IMD's monsoon predictions revised downwards once again
25 June 2009
With the sun peeping through the clouds more often than not, the meteorological department's predictions about the monsoons have become a bit of a joke. After promising as late as Monday that the rains would be near normal and hit hard by Thursday, it has now changed its predictions and warned that the monsoons will be well below normal across India this year.
In its most recent pronouncement, the Indian Meteorological Department now says that while rainfall would be below normal all over the country. The silver lining in the elusive dark clouds is that there is little chance of a drought. Rains in July-August are expected to make up for the initial deficit in the main grain-growing regions of Punjab and Haryana, it said.
The latest official prognosis further says that the north-eastern and peninsular regions of the country are likely to get below normal rains while the Northwest would have deficient rains. Central India, which is yet to receive any precipitation, is expected to have a normal monsoon.
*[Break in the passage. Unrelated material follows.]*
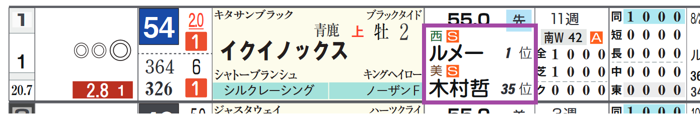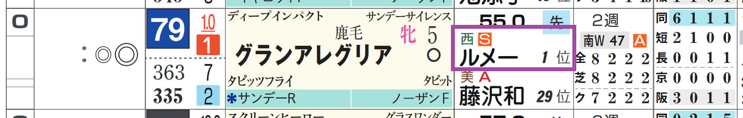 「リーディング順位」=1位、「厩舎評価」=《S》

The weather office says total rainfall from the monsoon would be only 93 per cent of the long-term average, coming in below normal for the first time in four years.
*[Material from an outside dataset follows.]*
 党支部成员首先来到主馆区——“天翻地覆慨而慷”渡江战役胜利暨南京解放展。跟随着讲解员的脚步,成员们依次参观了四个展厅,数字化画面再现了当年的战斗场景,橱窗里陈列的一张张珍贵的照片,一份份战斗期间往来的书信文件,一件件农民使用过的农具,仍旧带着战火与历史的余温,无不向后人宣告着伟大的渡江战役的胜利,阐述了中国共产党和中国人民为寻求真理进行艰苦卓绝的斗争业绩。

For the week ended 24 June, countrywide monsoon rainfall was 13.6 mm against normal rainfall of 42.6 mm, the weather office said on its website.
Releasing the latest forecast in New Delhi, Prithviraj Chavan, union minister for science and technology and earth sciences, said since the June rainfall constituted only 18 per cent of the total seasonal rainfall, it was too early to press the panic button. The shortage may be compensated in July or August, he hoped.